John Protevi is Phyllis M Taylor Professor of French Studies and Professor of Philosophy at Louisiana State University (USA). His most recent books are Political Affect: Connecting the Social and the Somatic (2009) and Life, War, Earth: Deleuze and the Sciences (2013) both with University of Minnesota Press. He is also editor of A Dictionary of Continental Philosophy (Edinburgh and Yale, 2005). Research papers and course materials are available at www.protevi.com/john.

Human Nature: Between Anthropology and Philosophy

ABSTRACT

In this talk, I work at the intersection of anthropology and philosophy to produce an ethical normative standard we can derive from an evolutionary account of human nature: act such that you nurture the capacity to enact repeatable active joyous encounters of positive sympathetic care and fair cooperation for self and others without qualification.

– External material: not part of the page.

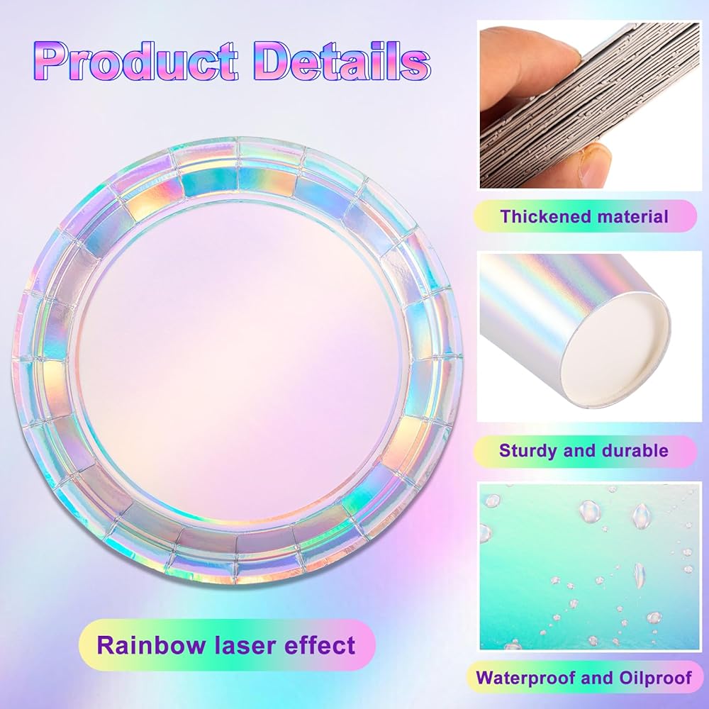 مواد عالية الجودة: مجموعة أدوات مائدة الحفلات قزحية الألوان مصنوعة من مواد ورقية صالحة للطعام، وسطح مانع للتسرب، ومقاوم للماء والزيوت. سوف يؤدي المظهر المجسم إلى رفع المظهر العام لحفلتك.

This ethical standard is a hortatory ideal rather than full-fledged moral imperative and avoids the naturalistic fallacy as I am only claiming consistency of the standard with evolved human nature, and not that it is true because it is so derived. In trying to get people to enact active joyous encounters for self and others “without qualification” we are working to arrange social life to expand the scope of a basic orientation of human nature for care and cooperation and not trying to intensify a mere cultural constraint on a deep and primary natural impulse to violent competition. We have indeed evolved anger control mechanisms needed for social life, per the “Human Self Domestication Hypothesis,” but the fear of social punishment brought about by punishing would-be dominators is not the sole root of conscience.